Your answer must be an exact copy of the records below, with no pictures in it.

(Stored items)

──────────────────────────────

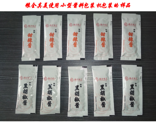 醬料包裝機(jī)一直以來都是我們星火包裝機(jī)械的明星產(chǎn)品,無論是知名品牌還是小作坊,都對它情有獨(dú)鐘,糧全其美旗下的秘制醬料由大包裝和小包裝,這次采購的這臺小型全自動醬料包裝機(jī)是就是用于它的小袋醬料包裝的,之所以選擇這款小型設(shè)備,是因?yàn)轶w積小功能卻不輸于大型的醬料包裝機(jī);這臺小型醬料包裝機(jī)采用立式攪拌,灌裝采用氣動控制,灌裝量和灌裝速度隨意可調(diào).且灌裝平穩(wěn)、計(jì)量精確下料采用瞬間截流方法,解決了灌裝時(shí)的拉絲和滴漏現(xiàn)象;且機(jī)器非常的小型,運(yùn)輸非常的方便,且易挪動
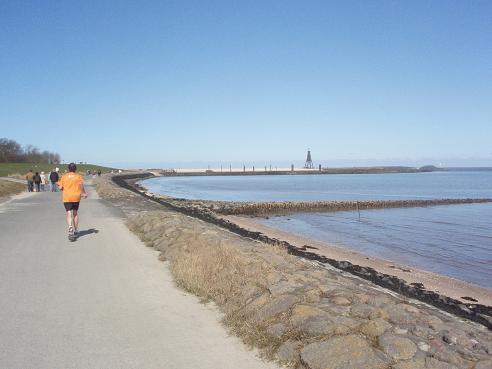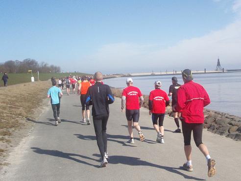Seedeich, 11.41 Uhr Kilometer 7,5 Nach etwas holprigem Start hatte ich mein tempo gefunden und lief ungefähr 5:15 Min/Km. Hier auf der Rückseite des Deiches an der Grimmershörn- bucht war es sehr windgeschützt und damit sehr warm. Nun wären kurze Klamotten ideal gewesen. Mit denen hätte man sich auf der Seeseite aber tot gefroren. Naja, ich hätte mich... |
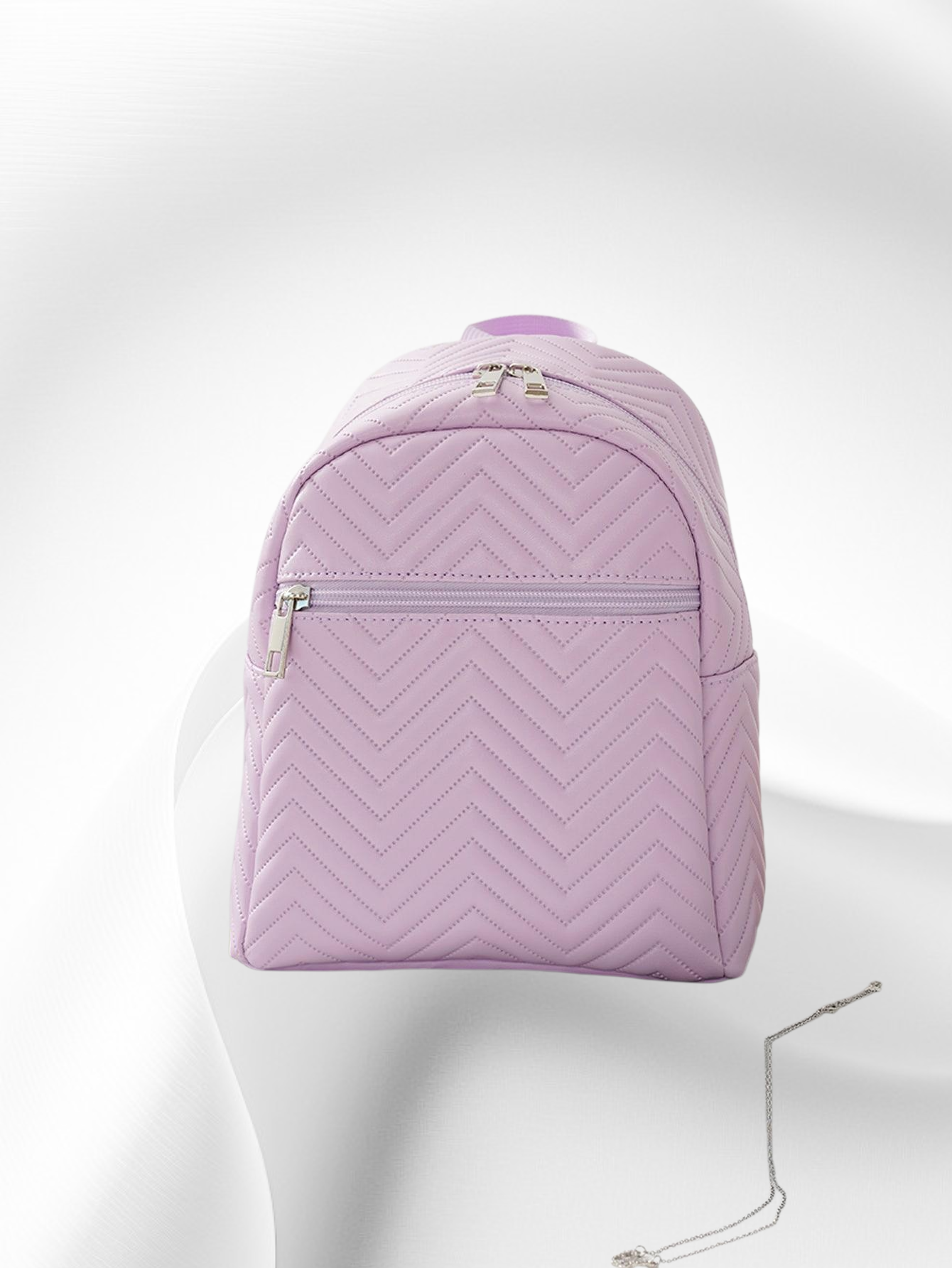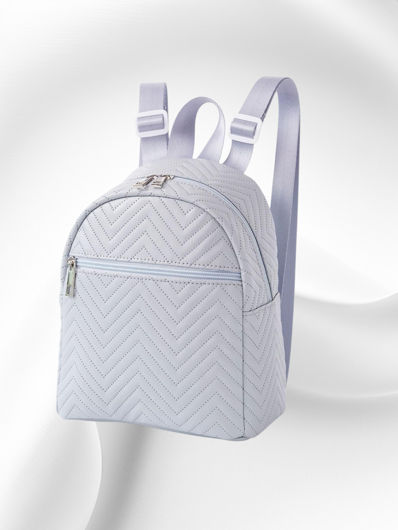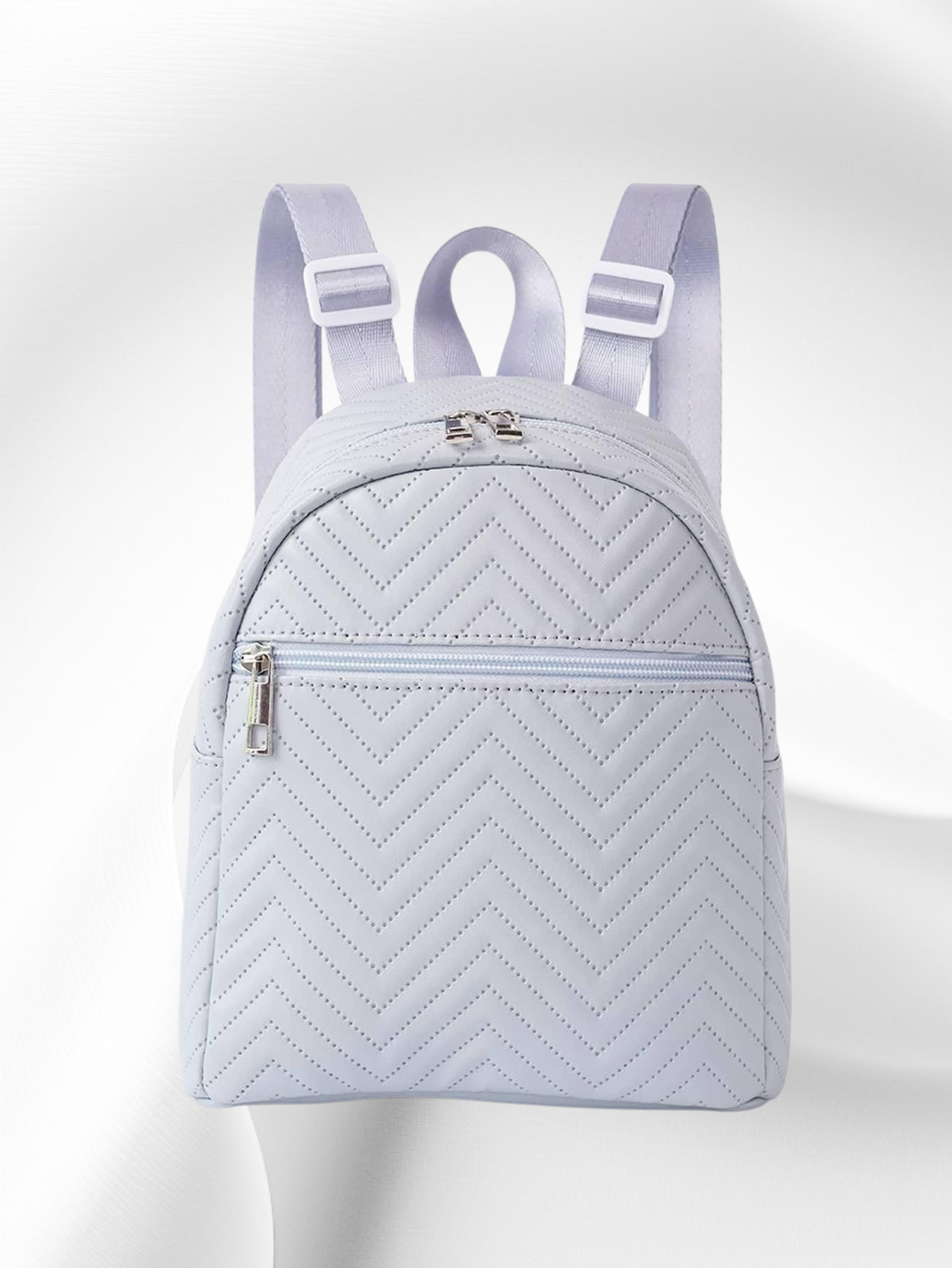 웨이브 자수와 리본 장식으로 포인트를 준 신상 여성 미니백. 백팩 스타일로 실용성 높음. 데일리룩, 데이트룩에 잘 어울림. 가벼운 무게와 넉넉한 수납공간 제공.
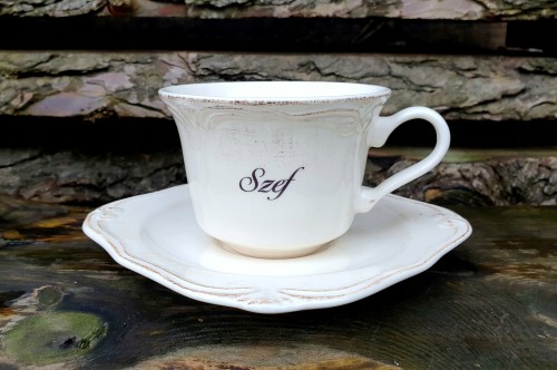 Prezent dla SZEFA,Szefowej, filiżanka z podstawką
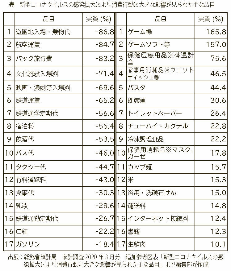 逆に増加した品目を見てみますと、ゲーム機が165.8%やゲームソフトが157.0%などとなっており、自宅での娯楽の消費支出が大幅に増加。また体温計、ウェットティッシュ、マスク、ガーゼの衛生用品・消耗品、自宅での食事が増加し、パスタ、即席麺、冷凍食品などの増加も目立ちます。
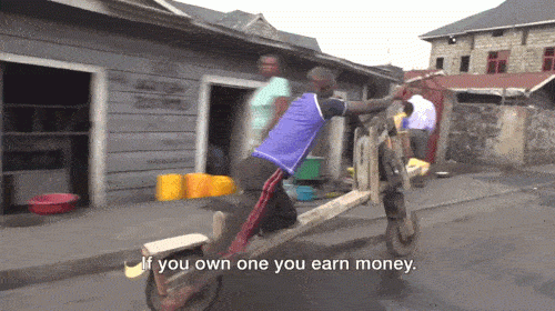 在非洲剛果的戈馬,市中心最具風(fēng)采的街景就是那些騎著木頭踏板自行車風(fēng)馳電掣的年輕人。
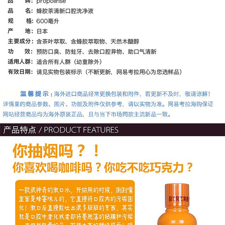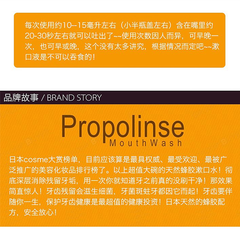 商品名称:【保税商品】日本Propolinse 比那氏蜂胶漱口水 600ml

──────────────────────────────

-- TASK SOLUTION --
 醬料包裝機(jī)一直以來都是我們星火包裝機(jī)械的明星產(chǎn)品,無論是知名品牌還是小作坊,都對它情有獨(dú)鐘,糧全其美旗下的秘制醬料由大包裝和小包裝,這次采購的這臺小型全自動醬料包裝機(jī)是就是用于它的小袋醬料包裝的,之所以選擇這款小型設(shè)備,是因?yàn)轶w積小功能卻不輸于大型的醬料包裝機(jī);這臺小型醬料包裝機(jī)采用立式攪拌,灌裝采用氣動控制,灌裝量和灌裝速度隨意可調(diào).且灌裝平穩(wěn)、計(jì)量精確下料采用瞬間截流方法,解決了灌裝時(shí)的拉絲和滴漏現(xiàn)象;且機(jī)器非常的小型,運(yùn)輸非常的方便,且易挪動
Seedeich, 11.41 Uhr Kilometer 7,5 Nach etwas holprigem Start hatte ich mein tempo gefunden und lief ungefähr 5:15 Min/Km. Hier auf der Rückseite des Deiches an der Grimmershörn- bucht war es sehr windgeschützt und damit sehr warm. Nun wären kurze Klamotten ideal gewesen. Mit denen hätte man sich auf der Seeseite aber tot gefroren. Naja, ich hätte mich... |
 웨이브 자수와 리본 장식으로 포인트를 준 신상 여성 미니백. 백팩 스타일로 실용성 높음. 데일리룩, 데이트룩에 잘 어울림. 가벼운 무게와 넉넉한 수납공간 제공.
 Prezent dla SZEFA,Szefowej, filiżanka z podstawką
 逆に増加した品目を見てみますと、ゲーム機が165.8%やゲームソフトが157.0%などとなっており、自宅での娯楽の消費支出が大幅に増加。また体温計、ウェットティッシュ、マスク、ガーゼの衛生用品・消耗品、自宅での食事が増加し、パスタ、即席麺、冷凍食品などの増加も目立ちます。
 在非洲剛果的戈馬,市中心最具風(fēng)采的街景就是那些騎著木頭踏板自行車風(fēng)馳電掣的年輕人。
 商品名称:【保税商品】日本Propolinse 比那氏蜂胶漱口水 600ml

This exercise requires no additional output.